Muscle cells self-destruct rather than grow with use
Muscle cells that should grow stronger with use instead self-destruct when a protein called BAG3 isn't around, researchers have shown.
Mice missing BAG3 seem fine at birth, but when they start using their muscles to breathe and stand, muscle cells rapidly degenerate and cannot regenerate, says Dr. Shinichi Takayama, cell and molecular biologist at the Medical College of Georgia.
The finding illustrates BAG3's importance in maintaining mature skeletal muscle, researchers say in the September issue of the American Journal of Pathology.
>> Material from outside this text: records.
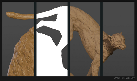 このワークフローの強みは、モデルのベースメッシュが確定する前であっても、フォトリアルな色とディテールを塗り、彫り込むことができる点です。
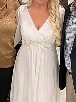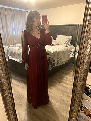 This classy and stunning deep V-neck formal dress is for those women who want to look sexy without doing any effort. This dress has an elegant style as it features long lantern sleeves with cut-out design and gorgeous applique design on the waist. You would look absolutely lovely by wearing this gorgeous dress.
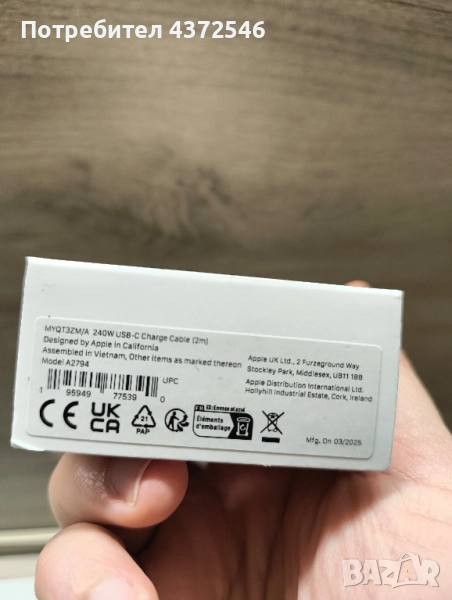 Оригинален кабел за зареждане apple 2 метра → Обява 52204156
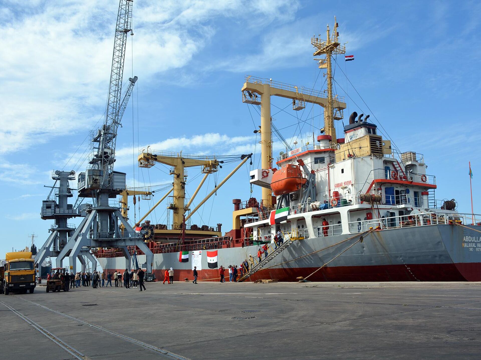 رست أول سفينة مساعدات إماراتية، صباح اليوم، بميناء اللاذقية، محملّة بـ 1000 طن من المواد الإغاثية والطبية والغذائية والمستلزمات الضرورية، مقدّمة من الهلال الأحمر الإماراتي، في الوقت الذي تستعد سفينة أخرى للتوجه إلى سوريا.
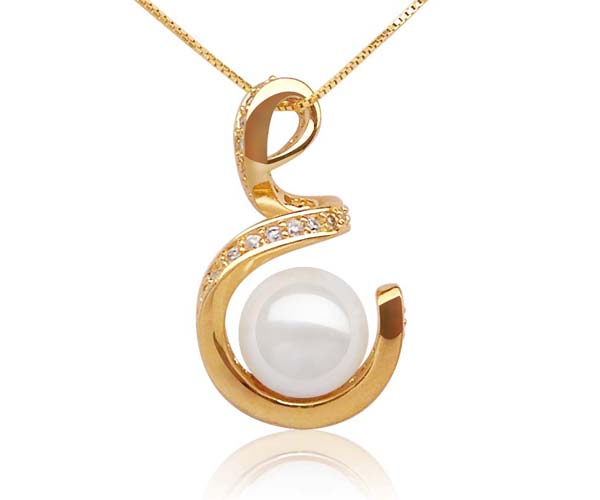 Imagine how beautiful this fine replica pearl pendant will look on you! This pendant is great for the lady who likes something unique. A 10mm southsea shell pearl is set in a spiral setting and is overlayed with 18K yellow gold to keep it tarnish free.

They hope it will lead to prevention of muscle atrophy that characterizes diseases such as muscular dystrophy, heart failure and a lesser-known condition called myofibril myopathy, which affects the tiniest muscle fibers. Dr. Takayama believes his BAG3 knockout is a model for the worst case of this rare disease.
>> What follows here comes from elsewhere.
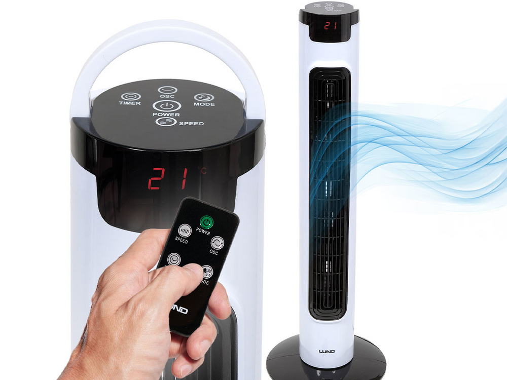 Um ventilador de coluna com um design fino e um estilo minimalista. O visor LED de fácil leitura facilita o controlo do aparelho e informa sobre a temperatura atual do ar na divisão. Três modos de funcionamento contribuem para o conforto de utilização: natural, normal, noturno. Um temporizador permite o desligamento automático após um período de tempo predefinido. O controlo remoto fornecido permite alterar à distância as definições de funcionamento da ventoinha.

"Basically we think that the degeneration starts because of usage of muscles, which should make them stronger," Dr. Takayama says. Instead, cells previously dormant in utero start dying. "They cannot breathe, they cannot use their muscles and they die quickly," he says of BAG3 knockout mice.
"When a muscle contraction happens, cytoskeletal degeneration occurs naturally," he says. Interestingly, degeneration normally stimulates regeneration, but not in these mice. Instead cells take another option: when they can't be fixed, they kill themselves.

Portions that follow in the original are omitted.